» Your objective: Without any pictures, output the records exactly as they are.

------

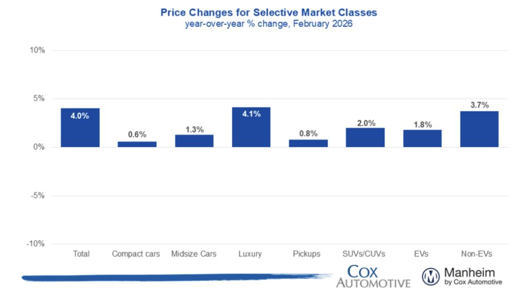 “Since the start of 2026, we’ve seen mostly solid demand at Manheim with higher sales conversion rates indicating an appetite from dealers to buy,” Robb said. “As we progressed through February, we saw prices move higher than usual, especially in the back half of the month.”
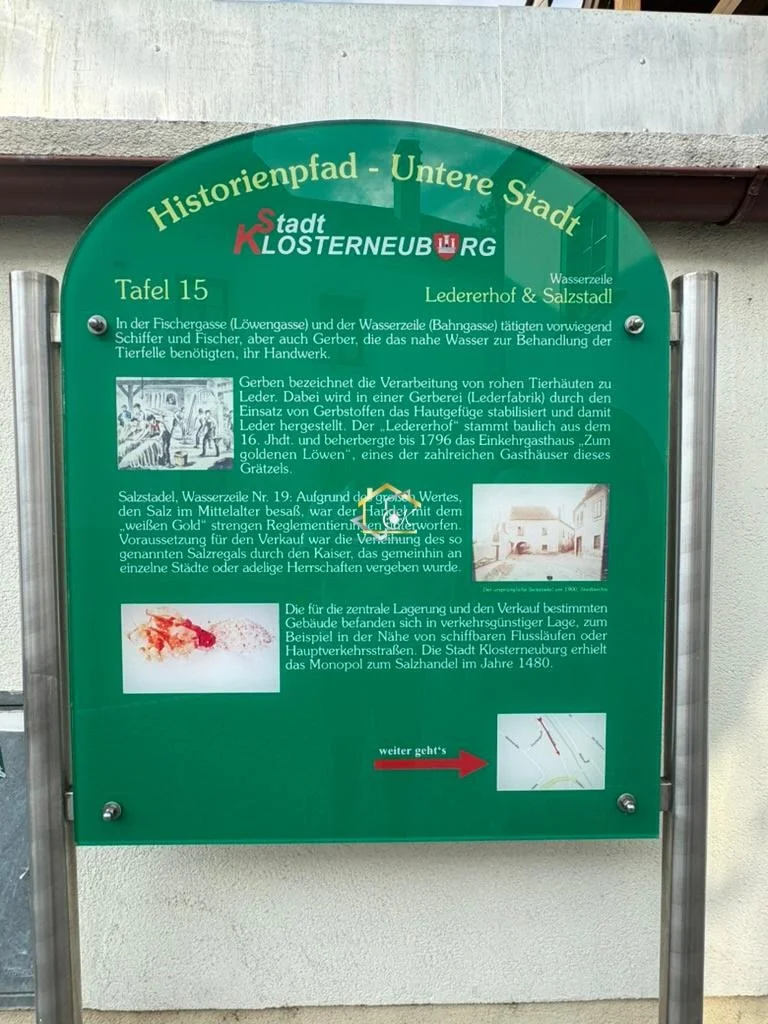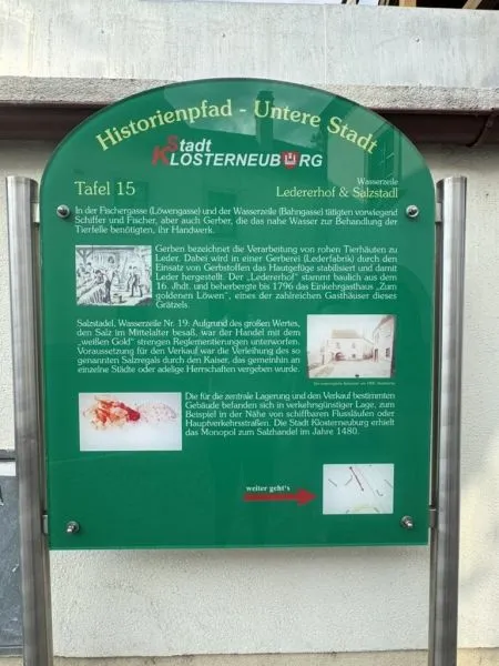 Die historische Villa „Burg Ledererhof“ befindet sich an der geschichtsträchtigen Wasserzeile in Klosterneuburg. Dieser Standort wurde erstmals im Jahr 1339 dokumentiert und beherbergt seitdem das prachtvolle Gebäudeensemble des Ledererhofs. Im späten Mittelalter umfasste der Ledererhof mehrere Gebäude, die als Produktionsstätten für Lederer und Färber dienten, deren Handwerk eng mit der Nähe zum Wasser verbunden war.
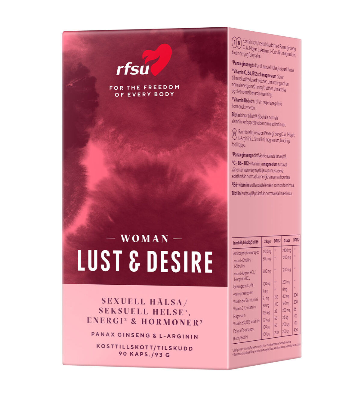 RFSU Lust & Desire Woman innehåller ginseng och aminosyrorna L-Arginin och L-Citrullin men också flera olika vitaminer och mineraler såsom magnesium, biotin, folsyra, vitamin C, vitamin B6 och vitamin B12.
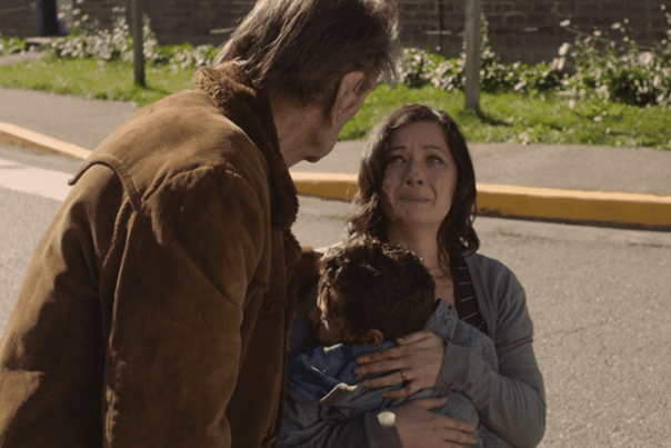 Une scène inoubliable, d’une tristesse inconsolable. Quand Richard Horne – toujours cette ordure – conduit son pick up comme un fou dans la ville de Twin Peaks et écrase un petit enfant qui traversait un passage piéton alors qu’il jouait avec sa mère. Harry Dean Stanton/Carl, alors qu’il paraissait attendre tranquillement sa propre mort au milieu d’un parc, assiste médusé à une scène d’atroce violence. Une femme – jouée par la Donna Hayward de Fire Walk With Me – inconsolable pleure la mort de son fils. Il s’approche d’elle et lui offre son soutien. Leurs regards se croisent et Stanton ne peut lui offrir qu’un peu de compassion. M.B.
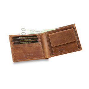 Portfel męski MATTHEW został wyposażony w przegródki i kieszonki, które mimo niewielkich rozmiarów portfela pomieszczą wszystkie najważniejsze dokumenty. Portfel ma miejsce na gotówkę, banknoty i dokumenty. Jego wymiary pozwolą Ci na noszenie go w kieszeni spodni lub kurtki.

------

» Result below:
 “Since the start of 2026, we’ve seen mostly solid demand at Manheim with higher sales conversion rates indicating an appetite from dealers to buy,” Robb said. “As we progressed through February, we saw prices move higher than usual, especially in the back half of the month.”
 Die historische Villa „Burg Ledererhof“ befindet sich an der geschichtsträchtigen Wasserzeile in Klosterneuburg. Dieser Standort wurde erstmals im Jahr 1339 dokumentiert und beherbergt seitdem das prachtvolle Gebäudeensemble des Ledererhofs. Im späten Mittelalter umfasste der Ledererhof mehrere Gebäude, die als Produktionsstätten für Lederer und Färber dienten, deren Handwerk eng mit der Nähe zum Wasser verbunden war.
 RFSU Lust & Desire Woman innehåller ginseng och aminosyrorna L-Arginin och L-Citrullin men också flera olika vitaminer och mineraler såsom magnesium, biotin, folsyra, vitamin C, vitamin B6 och vitamin B12.
 Une scène inoubliable, d’une tristesse inconsolable. Quand Richard Horne – toujours cette ordure – conduit son pick up comme un fou dans la ville de Twin Peaks et écrase un petit enfant qui traversait un passage piéton alors qu’il jouait avec sa mère. Harry Dean Stanton/Carl, alors qu’il paraissait attendre tranquillement sa propre mort au milieu d’un parc, assiste médusé à une scène d’atroce violence. Une femme – jouée par la Donna Hayward de Fire Walk With Me – inconsolable pleure la mort de son fils. Il s’approche d’elle et lui offre son soutien. Leurs regards se croisent et Stanton ne peut lui offrir qu’un peu de compassion. M.B.
 Portfel męski MATTHEW został wyposażony w przegródki i kieszonki, które mimo niewielkich rozmiarów portfela pomieszczą wszystkie najważniejsze dokumenty. Portfel ma miejsce na gotówkę, banknoty i dokumenty. Jego wymiary pozwolą Ci na noszenie go w kieszeni spodni lub kurtki.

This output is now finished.